It's unclear when the actual patty melt was invented, but records exist of them being served as early as the 1940s. They embellish on the traditional cheeseburger, and further take the burger back to its roots by being served on bread versus a bun. The patty melt is usually served between two slices of grilled rye bread, just as early hamburgers were served between two pieces of bread.
The classic patty melt is a pretty wonderful thing if you’re a fan of hamburgers and onions. Traditionally the sandwich includes one hamburger patty, which is topped with swiss cheese. Grilled onions are added and the whole burger with rye bread included is grilled to fully melt the cheese. The result is a hot, flavorful burger that differs from the normal hamburger patty. Substitutions for rye bread include panini, Texas toast, or any type of white bread, and some burgers can be made of turkey.
Typically patty melts are served with lettuce, tomato and pickles on the side, and don’t have condiments on the bread. Some restaurants that serve this popular diner fare slather the inside of the bread with thousand island dressing, but this is not usual. You can certainly request condiments on the patty melt, but the flavor of the onions often renders them unnecessary.
The patty melt has come in and out of fashion depending upon dining trends. You’ll frequently find them in diners, especially those that are either styled after 1950s diners or that have been in business since the 50s. In the 1990s, the patty melt got a boost in popularity when several chain fast food restaurants began to offer the sandwiches. To keep this hamburger style manageable and easy to eat on the go, many fast food restaurants use round bread, similar to a bun without the rise. However, if it's not made with rye bread, regardless of shape, many people consider it a variant of the patty melt and not authentic.
Patty melts are said to have inspired the tuna melt, which uses tuna instead of a hamburger patty. Otherwise, they are virtually the same; they are grilled to melt the cheese and can include grilled onions. Tuna melts became popular in the late 40s, and many people preferred them because of the lower fat content in tuna.
You actually can make a patty melt that is low fat, especially if you use a low fat, low calorie cheese.
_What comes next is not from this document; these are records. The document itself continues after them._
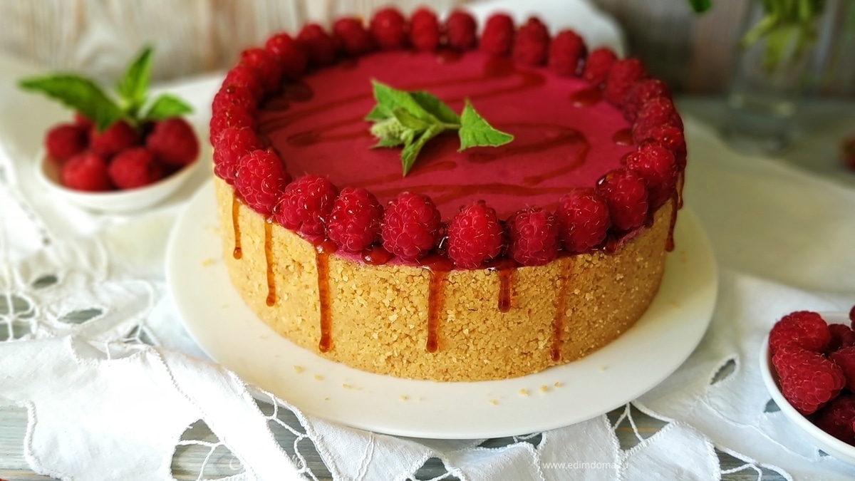Чизкейк получается очень вкусным, с легким ароматом миндаля и малины. Приятного чаепития!
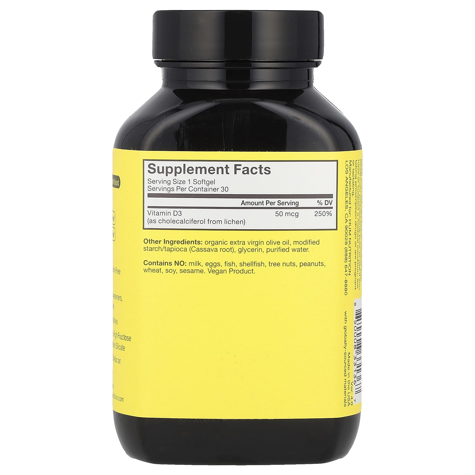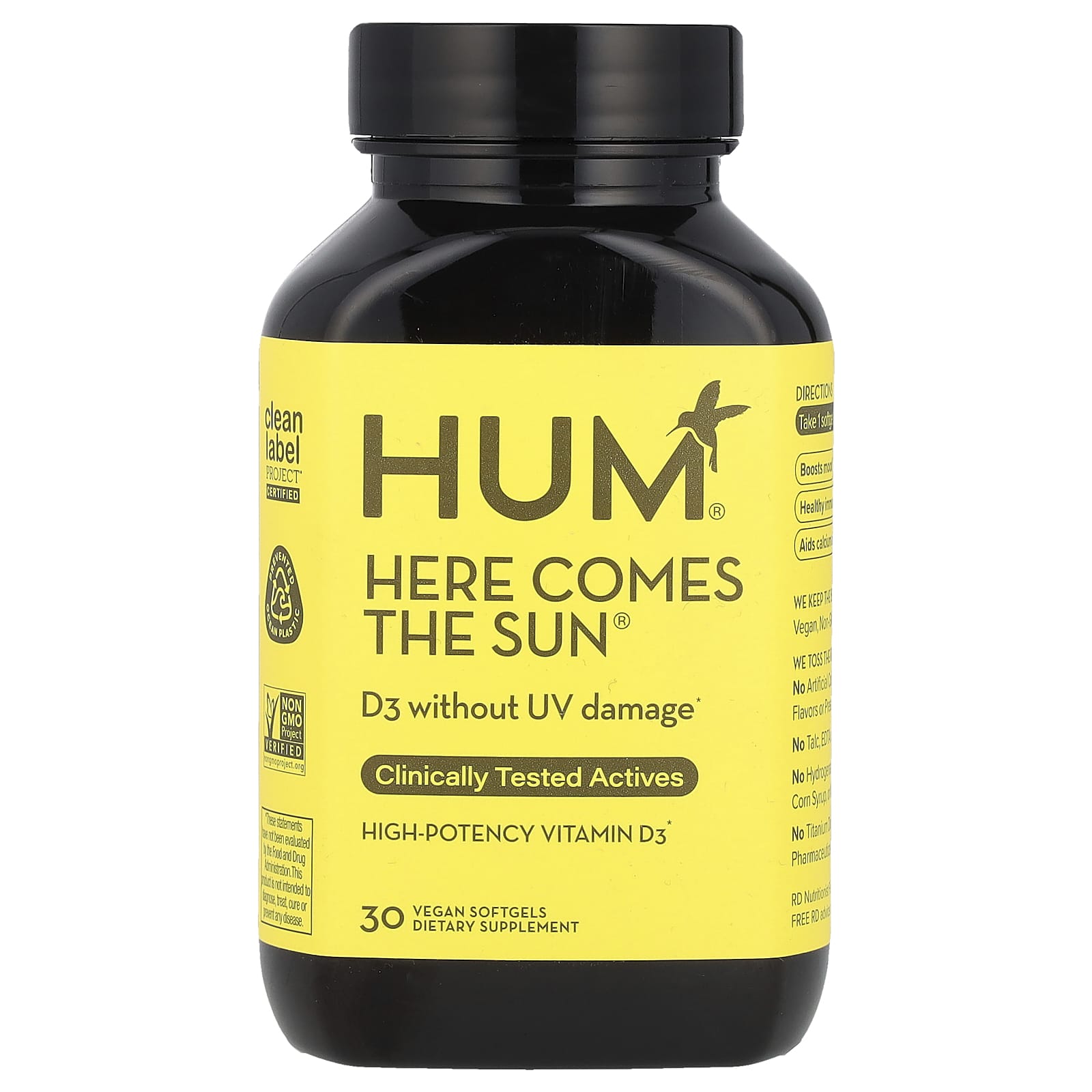 HUM Nutrition Here Comes The Sun® Vitamina D3 de Alta Potência 30 Cápsulas Softgel Veganas (50 mcg por Cápsula Softgel) – HUM Nutrition Suplementos Vitaminas Vitamina D.
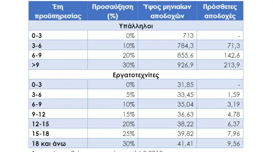 4. Τι θα συμβεί με τις λεγόμενες «τριετίες», δηλαδή την προϋπηρεσία των εργαζομένων που αμείβονται με τον κατώτατο μισθό;
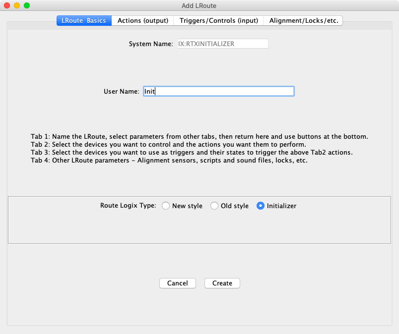 Click on the LRoute Basics tab, enter a name in the user name field and select the Initializer option. Click on Create.
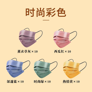 海氏海诺大麦一次性医用外科口莫兰迪彩色情侣口罩非灭菌型独立包装50只
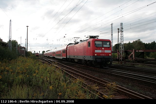 DB Regio 112 186-6 mit einem Regional-Express (DB Regio AG - RL Nordost Cottbus, gesichtet Berlin Hirschgarten, 04.09.2008).

Instead of using beef, substitute ground turkey or chicken for the patty. When you grill onions, use either a low fat cooking spray or a small amount of low fat oil. Rather than frying the sandwich in oil or margarine, simply toast the bread, and allow the cheese to melt directly on the hamburger a minute or two before the burger is fully cooked. This will give you a low fat version of the diner classic, and a tantalizing sandwich for your tastebuds.
I was eating tuna melts and patty melts at home in California in the 1920s and 1930s. The original recipe was open-face on one slice of whole-wheat or sourdough bread. It was topped with a slice of American Cheese, and placed in the oven for a few minutes to melt the cheese. The reuben is the only sandwich I know of that requires rye bread. I believe the recipe you have for Melts was reubenized by some East Coast deli.
Hi, my understanding is that Tiny Naylor invented the patty melt, in Los Angeles, where he and his family owned several eateries.